In late January 1942, Macqueen, who by this time held the rank of flight lieutenant, was posted to Malta where he would join the island's air defences against incessant Axis attacks. Along with several other pilots, he was dispatched to Gibraltar and then transferred to the aircraft carrier from which they were to fly Spitfires to Malta. An attempt to fly off the carrier on 26 February had to be cancelled due to malfunctioning long-range fuel tanks but on 7 March he and 14 other pilots took off from the deck of Eagle and flew for 4 hours to the island. The arrival of the Spitfires was a significant boost to Malta's aerial defences, which previously comprised 21 operational Hurricanes.

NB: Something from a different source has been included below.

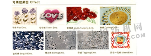 ★隔頭選擇功能:能自動轉(zhuǎn)換鏈?zhǔn)綑C(jī)頭和平繡機(jī)頭,使原來費(fèi)時(shí)的精巧混合刺繡簡單化。

After landing his Spitfire, Macqueen was posted to No. 249 Squadron. This was commanded by Squadron Leader Stan Turner and operated its Spitfires from Ta Kali, part of Malta's aerial defences against attacking Italian and German bombers. Three days after his arrival on Malta, Macqueen made his first claim, a Junkers Ju 88 medium bomber that he damaged over the island. On 14 March he destroyed a Bf 109 of Jagdgeschwader 53 (JG53) over Gozo, seeing it go down into the sea.

On 18 March, Macqueen was among four pilots scrambled to intercept over twenty bombers. However, they were themselves intercepted by some Bf 109s, and Macqueen's fellow pilots was shot down. He in turn destroyed the Bf 109 he thought responsible. Four days later the squadron carried out a number of sorties to try and protect a shipping convoy approaching Malta. Escorting some torpedo-bombers that were to seek out Italian ships that could attack the convoy, Macqueen destroyed a Bf 109 that tried to disrupt the sortie. The next day, 23 March, he was one of several pilots involved in the interception of some Ju 88s bombing a supply convoy heading for Malta. He had a share in the damaging of three of the bombers. On 30 March he damaged another Ju 88.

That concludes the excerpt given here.